Creative Pathways into MEDITERRANEAN BLUE: Paul Cezanne, Pablo Picasso and Henri Matisse
MEDITERRANEAN BLUE is a dazzling, electrifyingly bright colour that conveys the soaring brilliance of summer. Artists through the generations have explored how this entrancing shade of turquoise blue can capture the light of the European coastline, encapsulating the azure blue of the ocean and the wide-open, cloudless skies overhead. We look at three pioneering French artists of the 20th century who adored this shade of blue, and the ways it could sing with brilliance alongside a series of complementing and contrasting colour pathways.
The leading French Post-Impressionist painter Paul Cezanne adopted a similar colour palette throughout the mature phase of his career, painting with a trademark palette of sandy beige, burnt orange, turquoise blue and soft green. In Cezanne’s striking, late career painting Black Castle, 1904, the artist veers into a darker palette than usual. He combines the azure turquoise blue of the background sky with deep shades of rusty oranges, along with warm, enveloping forest greens. These dark tones create cool areas of shadow, away from the blazing heat of the French summer sun in Provence, where the artist lived for the last years of his life, and carved out his name as the great father of modern art.
Many artists in the next generation of French painters took great influence from Cezanne. These include Pablo Picasso, whose early art often mimed the same colour palette of Cezanne’s late art. In Picasso’s late Cubist collage Guitar, 1913, the design might be entirely flat and devoid of any light, perspective or space. But through the use of electric bright turquoise blue, Picasso conveys the warm, glowing light of France, spreading across the background like an expanse of summer sky. Picasso combines the blue here with a series of warmer tones, including the orange tinge of old newspaper, the burnt yellow and deep brown of patterned wallpaper, and the creamy, off-white tinge of paper scraps found scattered across his studio space.

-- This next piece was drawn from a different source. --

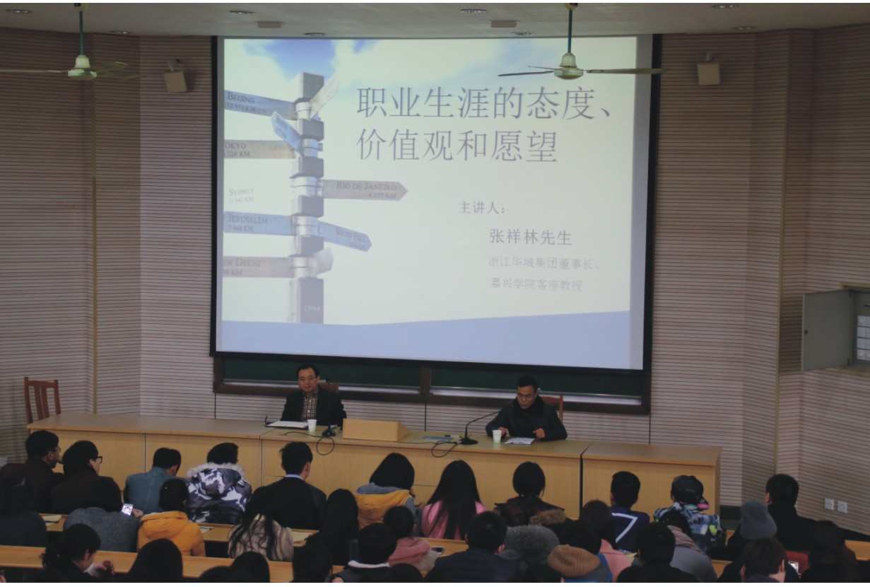 12月8日 下午,公司董事長(zhǎng)張祥林應(yīng)嘉興學(xué)院邀請(qǐng),走上了嘉興學(xué)院平湖校區(qū)2015藝術(shù)設(shè)計(jì)系高端講壇,為學(xué)子們開(kāi)展了一堂生動(dòng)的“職業(yè)生涯的態(tài)度、價(jià)值觀和愿望”主題講座。講座由校區(qū)管委會(huì)主任楊國(guó)勇教授主持,藝術(shù)設(shè)計(jì)系和其他專業(yè)的學(xué)生約三百多人到場(chǎng)聆聽(tīng)。
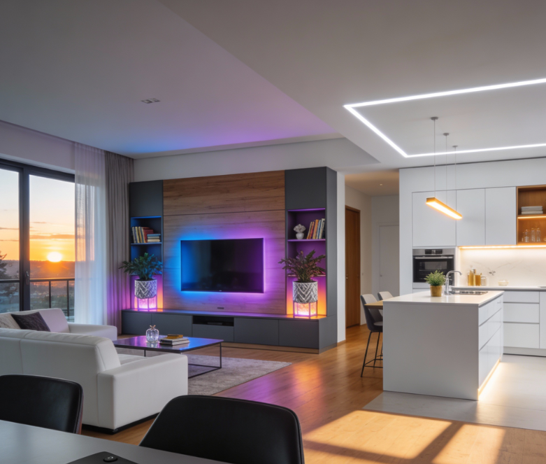 Riadenie RGB+CCT LED pásikov v celom dome: kuchyňa, obývačka, jedáleň, spálne, chodby, schodisko a kúpeľne (cez vhodné IP kontroléry).

Later, Picasso, adopted the same soaring turquoise blue in his atmospheric, Cubist-style painting Mediterranean Landscape, 1952. While the blue here is only a small part of the painting’s overall design, it still dominates the scene, suggesting the sky and sea of a balmy hot summer’s day on the French Mediterranean coastline. Matisse combines this shade of blue here with a whole patchwork of other shades, including tomato red, bright yellow, white, and scattered patches of olive green, illustrating the scattered buildings that spill out across the horizon.
Another French painter whose art was influenced by Cezanne was the pioneering Fauvist Henri Matisse. Like Picasso, Matisse saw Cezanne’s rich colour palette and ramped it up for dramatic effect. Turquoise blues were a recurring theme in his paintings, which conveyed the brilliance of the French coastline, even when it was barely in view. In Matisse’s much celebrated, early-career painting Interior at Nice, 1919/1920, the artist explores his trademark inside/outside theme, playing with the threshold between interior views and the wide-open space beyond. In this painting Matisse situates his model on the balcony between the domestic room inside and the stunning scenery beyond. Around his model, long strips of aqua blue run from sky to ceiling, forming a bold framework of atmospheric light. Matisse combines these hues with a series of softer shades including pale grey, yellow ochre, soft beige, rust red, and a patch of sandy pink carpet. This allows the aqua blues to take centre stage, dominating the entire scene, and illustrating the artist’s longstanding love affair with the oceanic French coastline.
2 Comments
James Potts
The art of sewing alludes me, although I do enjoy the intricate skill as well eye for detail that this artistic endeavor requires. Your article on the French Impressionists, I found was intensely interesting as well very well written. If your inner writing voice keeps signaling your heart to present your prose to the world, I highly recommend that you follow this sincere opportunity of beauty. Again, following your voices desire can only lead to more profound beauty within your life. May peace & tranquility always be within.
Vicki Lang
What a beautiful blue. Your right about the summery blue color, as the paintings show.